I'm not voting because it might be useful under some layouts and not others.

Chuck


----------



## Jeff-From-Wisconsin (Feb 16, 2016)

chuck n said:


> If the track sits down in the roadbed and the ties are held in place, I wouldn't use it outside. It would be fine for indoors. It is highly unlikely that outdoors it will expand and contract with temperature changes from day to night and winter to summer in the same way your track will.
> 
> Others may have different ideas, let's see what they have to say.
> 
> ...


Understood.

we have the USA brass track and just went over and seen that it only has about a 16th inch play side to side, not a lot, and 100 degrees plus.

this is from the manufacturer:

"A quick and easy way to detail your right-of-way, without the mess and time of using stone ballast. Made of tough, vacuum-formed plastic, each section is a realistic gray color with simulated gravel texture. Aristo track sections (sold separately) just slip into place, and roadbed is available to fit straight track and all sizes of curves. Indoors, the roadbed is perfect for displays on carpets or other flooring and is an ideal choice for a permanent layout. Tough enough to use outside, each section is UV protected to prevent fading in sunlight. And for permanent outdoor layouts, each section has three drainage holes to allow water run-off without digging drainage ditches."

I know for a fact that it fades because some is new and some used, quite a color difference.

Here is a pick of the bed.


----------



## chuck n (Jan 2, 2008)

Go for it and have fun!

Chuck


----------



## Jeff-From-Wisconsin (Feb 16, 2016)

chuck n said:


> Go for it and have fun!
> 
> Chuck


I don't think so, made some good points, think this is going up for sale and will be doing a ballast type install. 

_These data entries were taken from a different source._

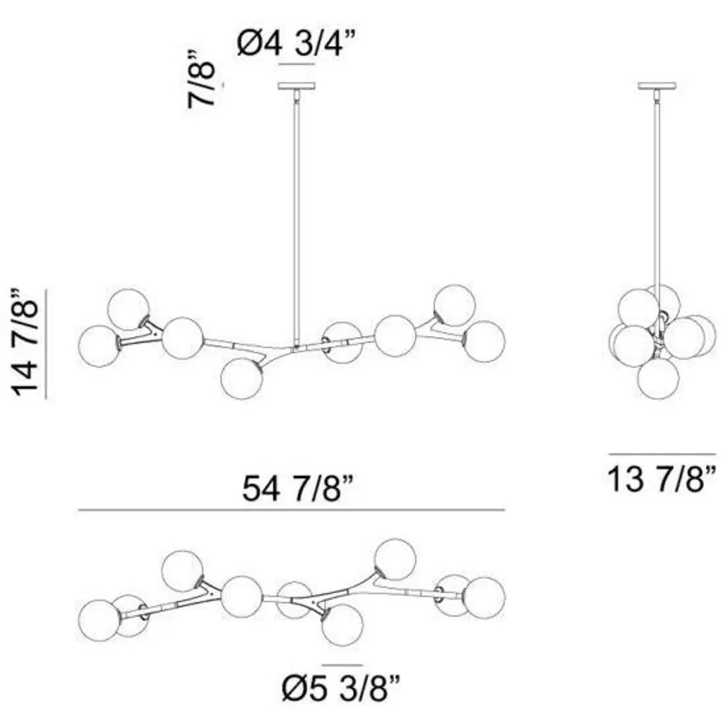8 LT L54.9" W13.8" "RAMI" BLACK CHANDELIER E12 840W
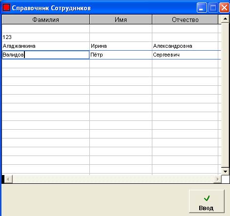 | Двойной щелчок по записи филиала позволяет ввести филиал. |
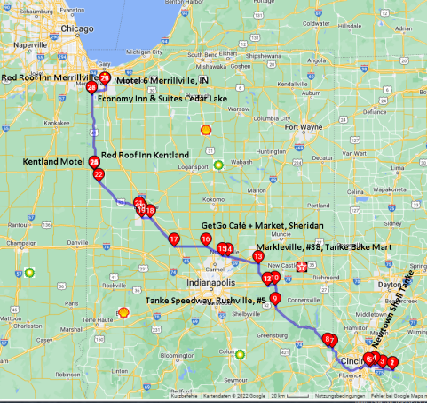 Häh??? Ist erst 14:15, hab zwar den Staat noch nicht verlassen, aber schon in die Chicagoer Zeitzone gewechselt, Eastern zu Central, mit Daylight savingtime = Deutschland-8
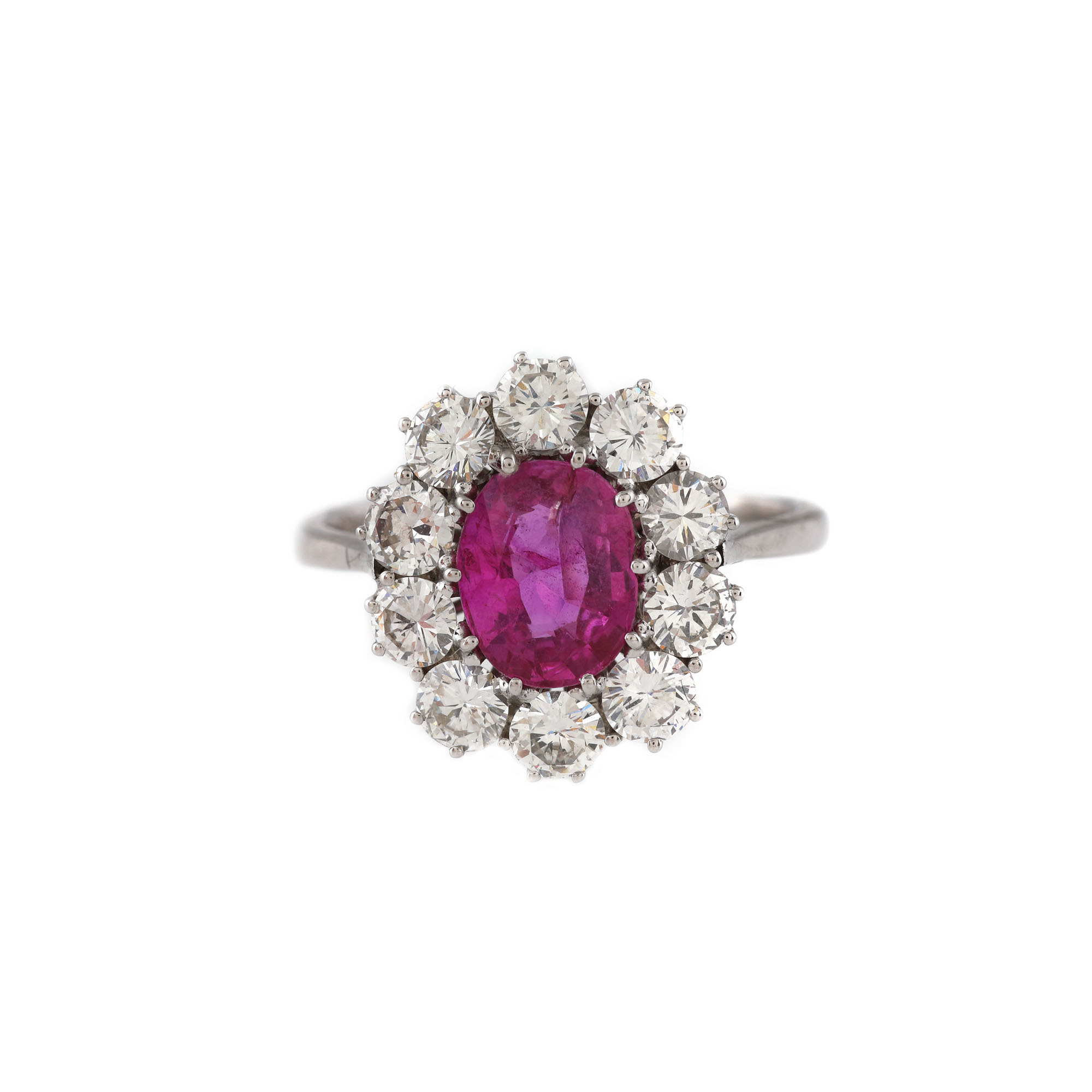 186. Inel din aur alb, decorat cu safir roz și diamante

Thanks for the insight Chuck!


----------



## chuck n (Jan 2, 2008)

Good choice, I've been floating my track on ballast since 1982. One layout in the Denver area and the other in Virginia since 1994. I'm a happy camper with that system. It is easy to level and adjust.

Chuck

I knew someone in Denver whose large layout had curves that moved in and out several inches between winter and summer. I'm not talking about the length of the track. His track moved out and back several inches over a year. 

Thermal expansion and contraction is a fact and it needs to be considered in layout design.


----------



## chuck n (Jan 2, 2008)

I dug a trench 3-4" deep and lined it with weed barrier cloth and back filled with ballest. This helps with the drainage under the track. Level the to of the trench and lay the track. Then add more ballast to cover the ties and shake, wiggle the track to adjust it to a smooth roadbed.

Every so often you will have to make minor adjustments.

When I started my outdoors layout in 1983, there wasn't any help that I knew about. I made most of the mistakes that could be made, keep asking questions rely on our help and try to make an original mistake, not repete ones of the past.

Chuck


----------